LOG: Recommit [C++20] [Coroutines] Mark await_suspend as noinline if the awaiter is not empty

The original patch is incorrect since it marks too many calls to be
noinline. It shows that it is bad to do analysis in the frontend again.
This patch tries to mark the await_suspend function as noinlne only.

---

Close https://github.com/llvm/llvm-project/issues/56301
Close https://github.com/llvm/llvm-project/issues/64151
Close https://github.com/llvm/llvm-project/issues/65018

See the summary and the discussion of
https://reviews.llvm.org/D157070
to get the full context.

As @rjmccall pointed out, the key point of the root cause is that
currently we didn't implement the semantics for '@llvm.coro.save'
well ("after the await-ready returns false, the coroutine is considered
to be suspended ") well.
Since the semantics implies that we (the compiler) shouldn't write
the spills into the coroutine frame in the await_suspend. But now it is
possible due to some combinations of the optimizations so the semantics are
broken. And the inlining is the root optimization of such optimizations.
So in this patch, we tried to add the `noinline` attribute to the
await_suspend function.

This looks slightly problematic since the users are able to call the
await_suspend function standalone. This is limited by the
implementation. On the one hand, we don't want the workaround solution
(See the proposed solution later) to be too complex. On the other hand,
it is rare to call await_suspend standalone. Also it is not semantically
incorrect to do so since the inlining is not part of the C++ standard.
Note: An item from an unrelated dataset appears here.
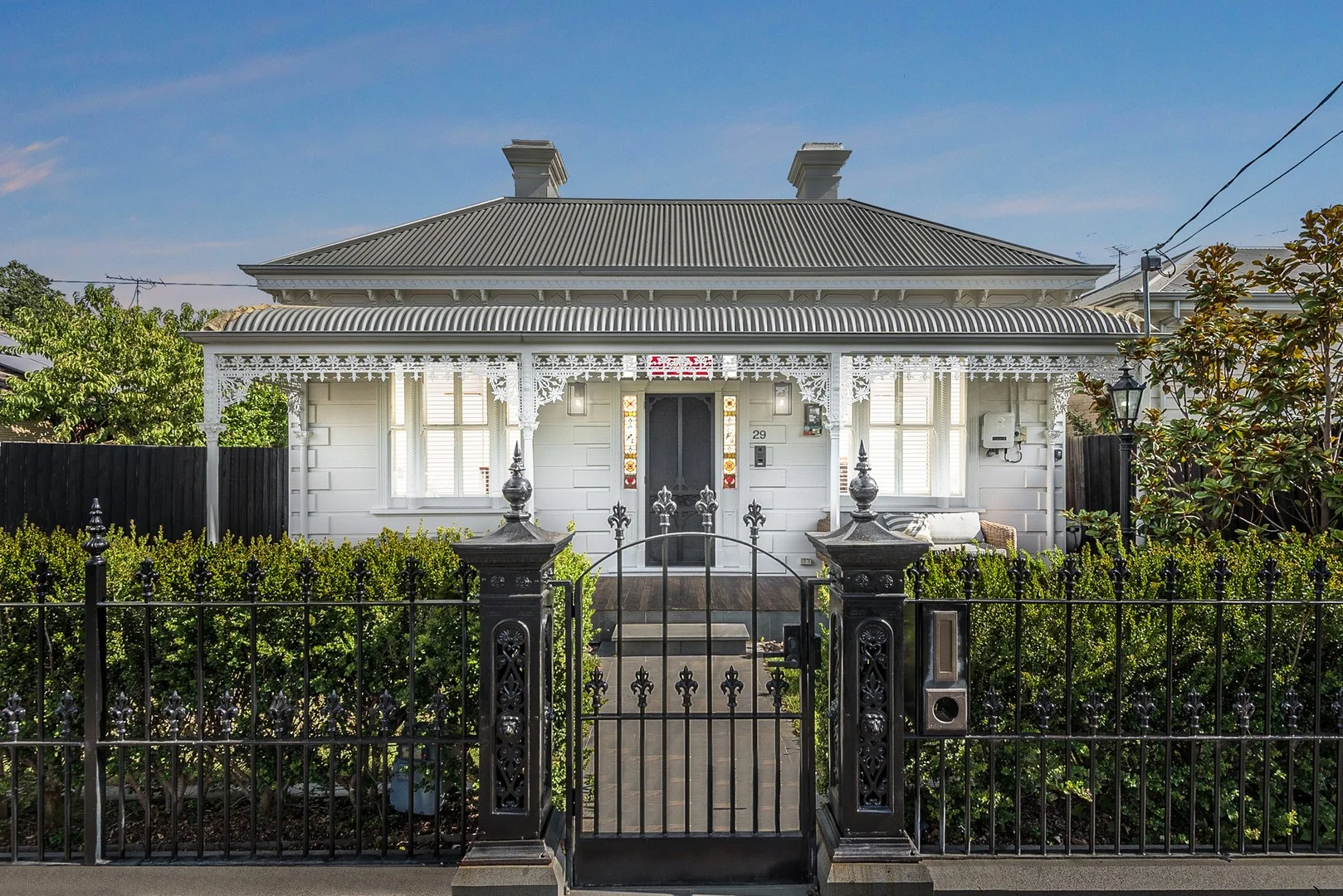 Description: Set in one of Geelong West's most tightly held and prestigious pockets, this magnificent Victorian home showcases timeless character, expansive family proportions and exceptional indooroutdoor living all just moments from vibrant Pakington Street, the Geelong CBD, the waterfront precinct and Geelong railway station for effortless Melbourne commuting. Behind a striking wrought-iron fence and lacework veranda, the home immediately captivates with soaring ceilings, intricate decorative cornices, chandeliers, polished timber floors and stunning original fireplaces. Beautifully preserved period features are seamlessly complemented by a high-quality contemporary extension, thoughtfully designed for modern family living while honouring the home's rich heritage. The flexible two-level floorplan offers five generous bedrooms, two bathrooms and multiple living zones. Upstairs, the luxurious main suite provides a true parents' retreat, complete with walk-in robe, private sitting area and a spacious ensuite. An additional upstairs bedroom offers versatility as a nursery, guest room or home office. Downstairs bedrooms are generously proportioned, each featuring built-in robes and original fireplaces with exposed brick accents, serviced by a beautifully appointed central bathroom with freestanding bath. At the heart of the home, a light-filled open-plan kitchen, dining and family domain connects effortlessly to the rear yard. The designer kitchen is equipped with premium Gaggenau appliances, including an integrated oven, steam oven, combination microwave oven and warming drawer. Stone benchtops, a substantial island bench, walk-in pantry and integrated two-drawer fridges positioned at the bifold servery create a true entertainer's environment, enhancing the seamless indooroutdoor flow. The adjoining courtyard is private and well-appointed, featuring a retractable veranda shade, gas heater and gas connection for BBQ entertaining. Expansive windows and doors from the kitchen, dining and living areas frame beautiful views across the landscaped backyard, reinforcing the home's exceptional indooroutdoor integration. The outdoor domain is equally impressive, highlighted by a solar- and gas-heated in-ground pool and spa both app-controlled framed by glass fencing and manicured surrounds. The undercover entertaining pavilion includes its own WC and outdoor shower, while external blinds ensure comfort and protection throughout the seasons. Additional features include: Long side driveway with roller door access to the backyard, ideal for secure off-street parking Gas ducted heating and multiple split systems throughout Freshly painted exterior Study nook Walk-in pantry Washer and dryer included (plumbed in) Secure, private landscaped yard Solar- and gas-heated pool and spa controlled via smartphone app High ceilings throughout Offering space, sophistication and lifestyle in equal measure, this is a rare opportunity to secure a landmark period home within one of Geelong West's most sought-after suburbs delivering enduring character, contemporary luxury and long-term value in a blue-chip location.

Also as an optimization, we don't add the `noinline` attribute to
the await_suspend function if the awaiter is an empty class. This should be
correct since the programmers can't access the local variables in
await_suspend if the awaiter is empty. I think this is necessary for
the performance since it is pretty common.

The long term solution is:

    call @llvm.coro.await_suspend(ptr %awaiter, ptr %handle,
                                  ptr @awaitSuspendFn)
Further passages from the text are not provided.